The card market’s previous peak came in April 2008, when $1.021 trillion in revolving consumer debt was outstanding. Then unemployment spiked, consumers became warier about borrowing, banks started reducing their customers’ credit lines, and charged-off loans surged.
In 2009, Congress passed the Credit Card Accountability Responsibility and Disclosure Act, which put new clamps on the industry.
By April 2011, the volume of revolving consumer debt had fallen to $832 billion, or 19% below its former peak, according to the Fed.
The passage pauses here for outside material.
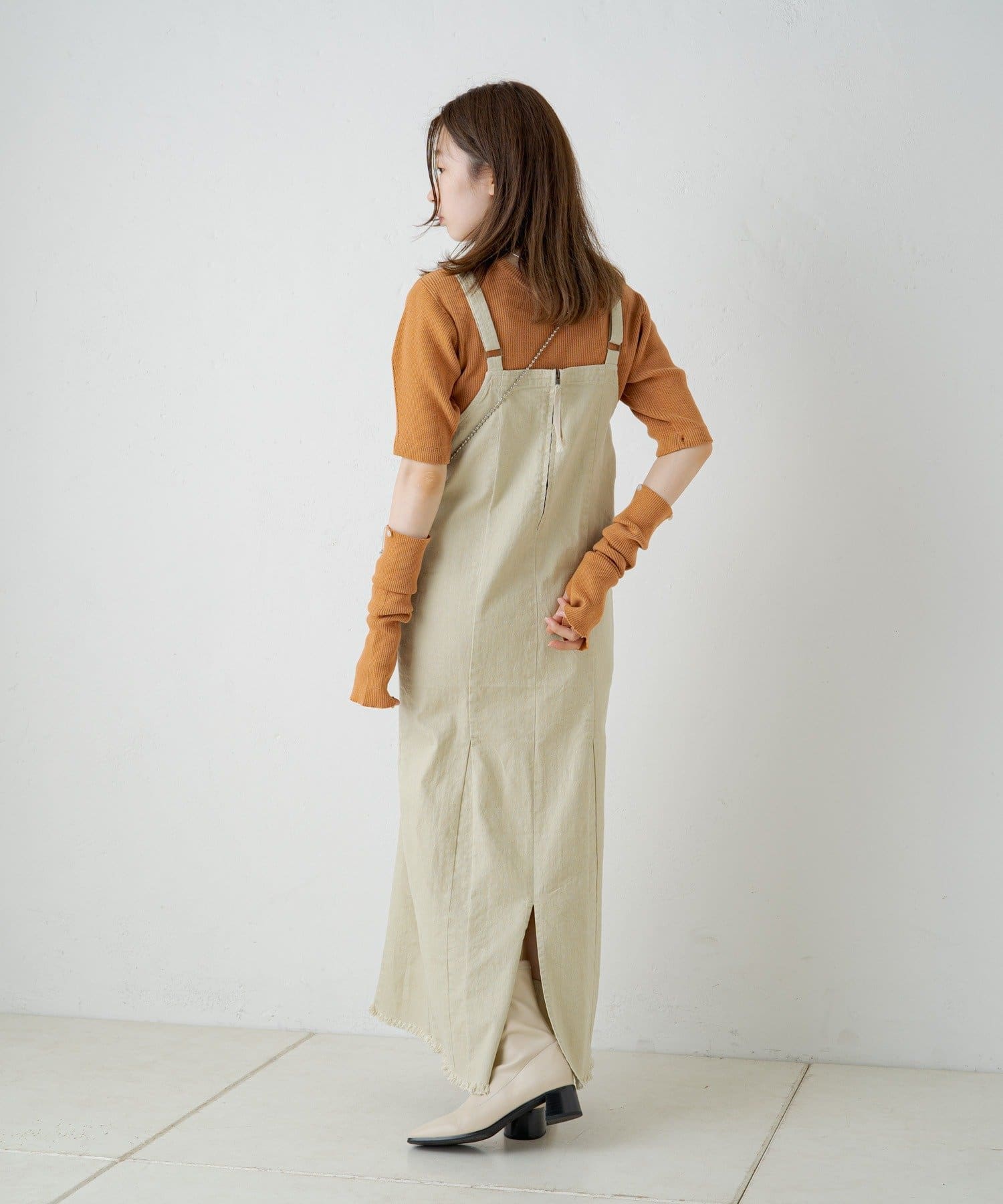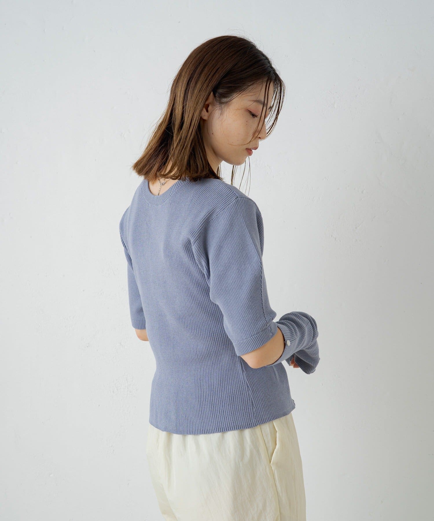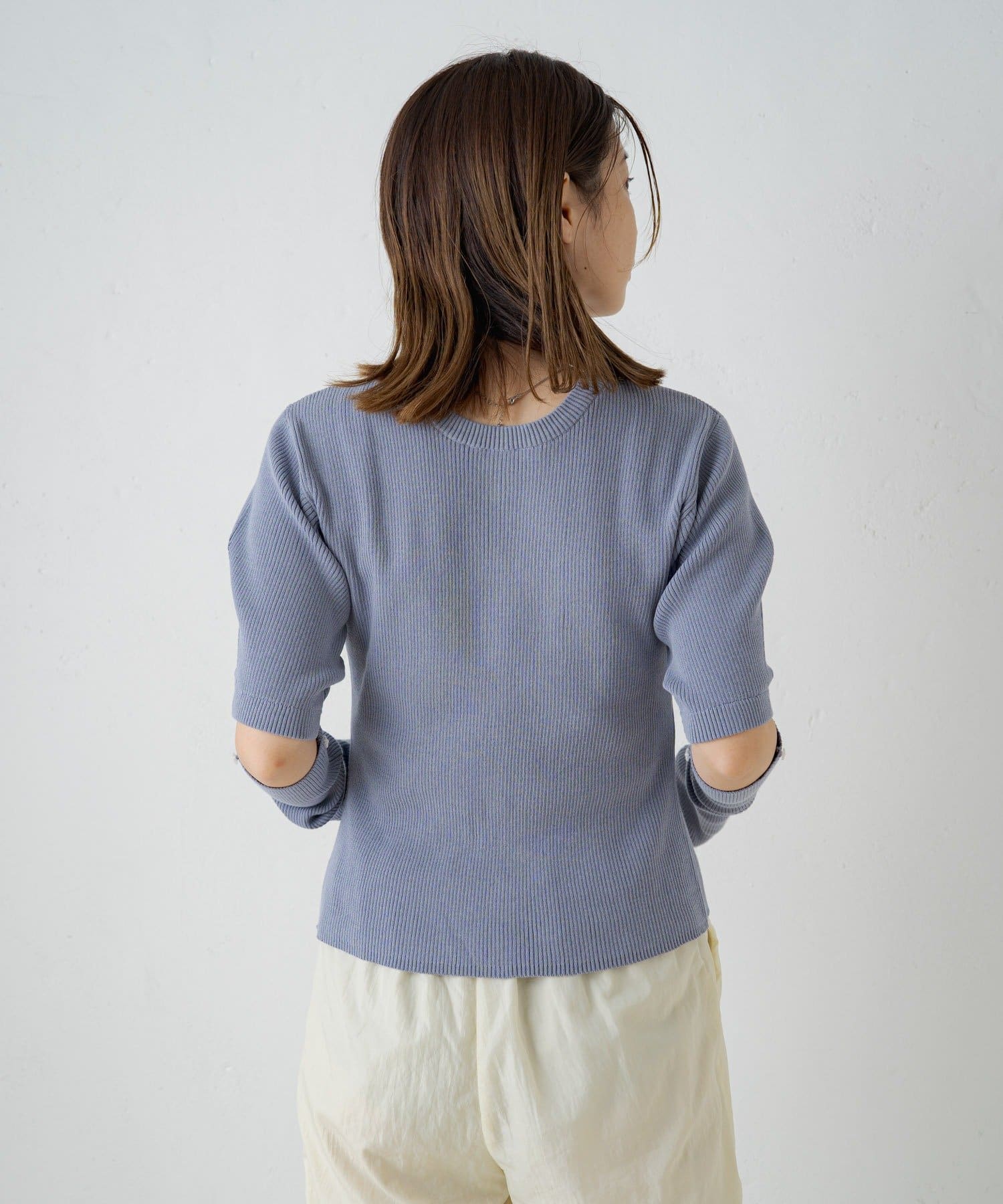 気温が高い日には、半袖ニット一枚で、Iラインスカートやキャミワンピースのインナーとしても活躍します。

Since then, the card market has been recovering at an accelerating pace. In 2012, loans outstanding grew by just 0.5%. Four years later, the growth rate was 6.7%. In November 2017, revolving consumer debt grew at a seasonally adjusted, annual rate of 13.3%.
The Fed has been tracking revolving consumer credit outstanding — a category that excludes loans secured by real estate, and is seen as a proxy for the credit card market — on a monthly basis since 1968. The monthly data is seasonally adjusted.
The Fed’s findings about the card market’s recovery were echoed in a separate report released last month by the Consumer Financial Protection Bureau.
“Most origination metrics we observe are near pre-recession levels. This is true across credit score tiers for both general purpose and private label cards. Approval rates have climbed for all credit score tiers since post-recession lows, even as application volumes have stabilized,” the CFPB stated.
The Fed’s latest report seems likely to spark debate about whether U.S. consumers are stretching themselves too thin. Late payment rates in the card industry have been rising, even though they remain low in comparison with their levels a decade ago.
One persistent worry is that as interest rates continue to rise, as is widely expected, many more consumers will be unable to stay current on their credit card bills.
“It’s been a wonderful run,” Robert Hammer, a credit card industry consultant, said Monday. “I can’t tell you when, but there will be a correction.”